Chef Andreas Mavrommatis, founder of the Michelin-starred Mavrommatis restaurant in Paris
Cypriot chef Andreas Mavrommatis helped introduce Greek cuisine to Paris fine dining. His restaurant Mavrommatis received a Michelin star in 2018.

For many years, one small corner of Paris offered something unusual: Greek cooking presented with the precision and elegance of a French restaurant.

That corner belonged to Andreas Mavrommatis, the Cypriot-born chef who spent decades introducing the flavors of Greece and Cyprus to the Paris dining scene. Mavrommatis died on March 15, 2026, at the age of 69.

He was not the first person to cook Greek food in the French capital, but he was among the first to place it confidently within the world of Parisian gastronomy.

Mavrommatis was born in Cyprus near Limassol and moved to France in the 1970s to study. Like many young immigrants arriving in Paris at the time, he began working in restaurant kitchens while continuing his education.

He later trained at the respected Lenôtre Culinary Arts School, where he learned the techniques of classical French gastronomy. Those lessons stayed with him, but the flavors he returned to were always those of the Eastern Mediterranean.

In interviews over the years, Mavrommatis often said his goal was simple: to cook the food he grew up with using the discipline he had learned in France. Greek cuisine, he believed, did not need to imitate French cooking. It simply needed to be treated with the same care for ingredients and balance.

In 1981, Andreas Mavrommatis and his brothers Evagoras and Dionysos opened a small delicatessen in Paris’ 5th arrondissement selling Greek and Cypriot products.

The shop was modest, but it quickly became a discovery point for many customers in the neighborhood. Olive oils from Greece, Cypriot cheeses, herbs, wines, and traditional sweets appeared on the shelves at a time when those ingredients were still unfamiliar to much of the Paris market.

While Andreas focused on cooking, his brothers helped build the business side of what would become Maison Mavrommatis. Over time, the small shop grew into a network of restaurants, wine bars, and delicatessen stores across Paris, with additional locations in cities such as Strasbourg and Nice.
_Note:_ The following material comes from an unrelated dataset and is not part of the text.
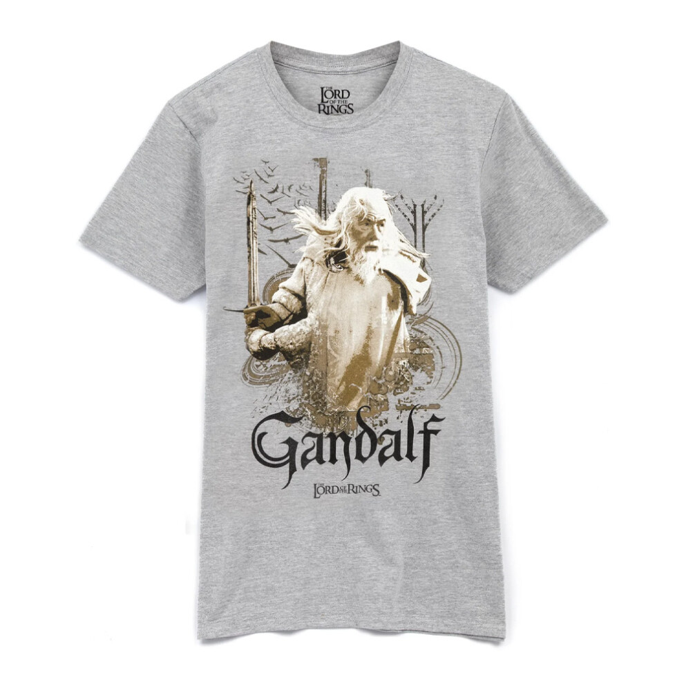 (S, Grey/Dull Gold) The Lord Of The Rings Mens Gandalf Heather T-Shirt

In 1993, Mavrommatis opened the restaurant that would eventually become the center of the group’s reputation.

The kitchen drew on ingredients and culinary traditions from Greece and Cyprus but presented them with the refinement expected in Paris. Grilled octopus appeared with smoked eggplant purée and herb sauces. Dolmades were sometimes prepared with Swiss chard rather than vine leaves and served in light citrus broths. One of his more distinctive creations paired Jerusalem artichoke soup with mastiha, the aromatic resin from the island of Chios.

The restaurant also introduced many diners to wines from Greece and Cyprus, pairing dishes with grape varieties that were still unfamiliar to much of the French public.
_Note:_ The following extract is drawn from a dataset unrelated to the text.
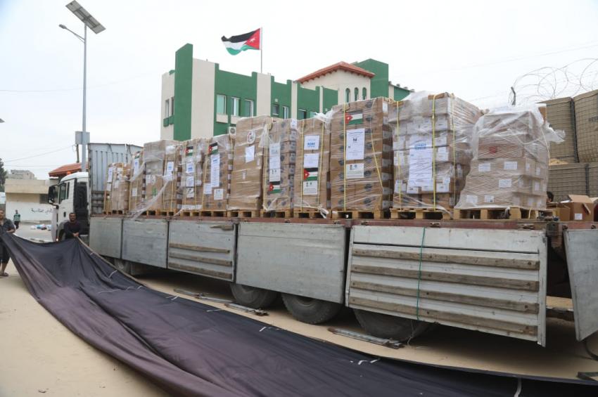 قافلة مساعدات تصل المستشفى الميداني الأردني في جنوب غزة

By the late 2010s, the restaurant had become one of the most recognized Greek kitchens in the city. In 2018, it received a star from the Michelin Guide, confirming the reputation Mavrommatis had built over decades.

News of his death brought tributes from chefs and restaurateurs across France and the Mediterranean.

The Maison Mavrommatis group continues today under the leadership of his brothers, who helped build the business alongside him from the beginning.

When the family opened their small delicatessen in Paris in 1981, Greek cuisine was still largely absent from the city’s fine dining circles. By the time the restaurant earned its Michelin star nearly four decades later, that landscape had changed.

The path had widened. Other chefs could follow it. Greek cooking had found a place at the table.